What needs to be done => Take nothing but the lines from the one with "Просторная 1-комнатная квартира" through the one with "Programı başarıyla tamamlayan" in the entries below, both ends kept, and return them exactly with pictures left out.

Entries shown =>
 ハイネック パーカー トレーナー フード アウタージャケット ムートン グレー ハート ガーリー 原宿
---
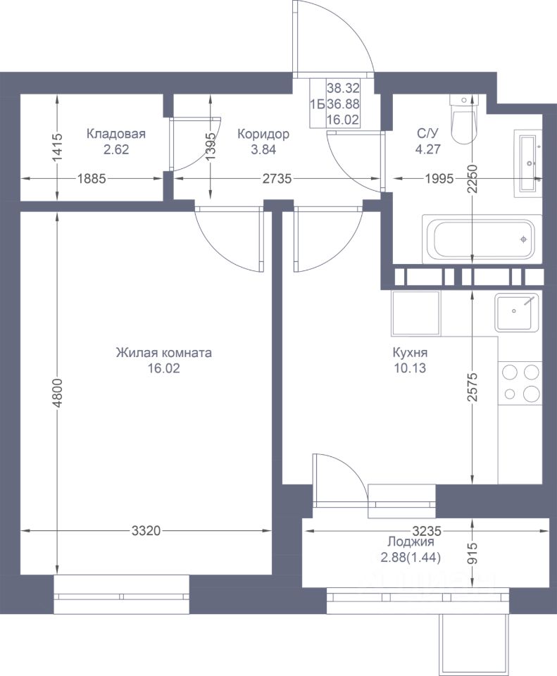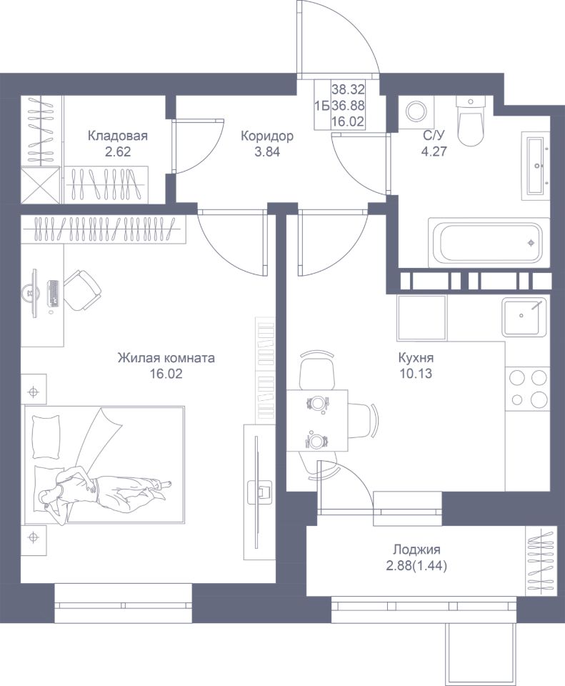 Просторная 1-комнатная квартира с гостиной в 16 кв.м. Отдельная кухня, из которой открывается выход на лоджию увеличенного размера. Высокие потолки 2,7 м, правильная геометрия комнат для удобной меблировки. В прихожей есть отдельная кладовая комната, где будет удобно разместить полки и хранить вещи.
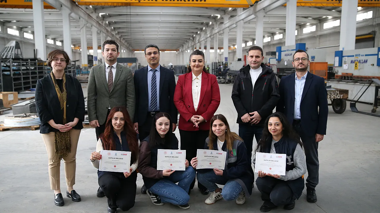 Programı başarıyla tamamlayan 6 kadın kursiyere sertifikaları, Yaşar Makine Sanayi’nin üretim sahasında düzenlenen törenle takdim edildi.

Task response =>
 Просторная 1-комнатная квартира с гостиной в 16 кв.м. Отдельная кухня, из которой открывается выход на лоджию увеличенного размера. Высокие потолки 2,7 м, правильная геометрия комнат для удобной меблировки. В прихожей есть отдельная кладовая комната, где будет удобно разместить полки и хранить вещи.
 Programı başarıyla tamamlayan 6 kadın kursiyere sertifikaları, Yaşar Makine Sanayi’nin üretim sahasında düzenlenen törenle takdim edildi.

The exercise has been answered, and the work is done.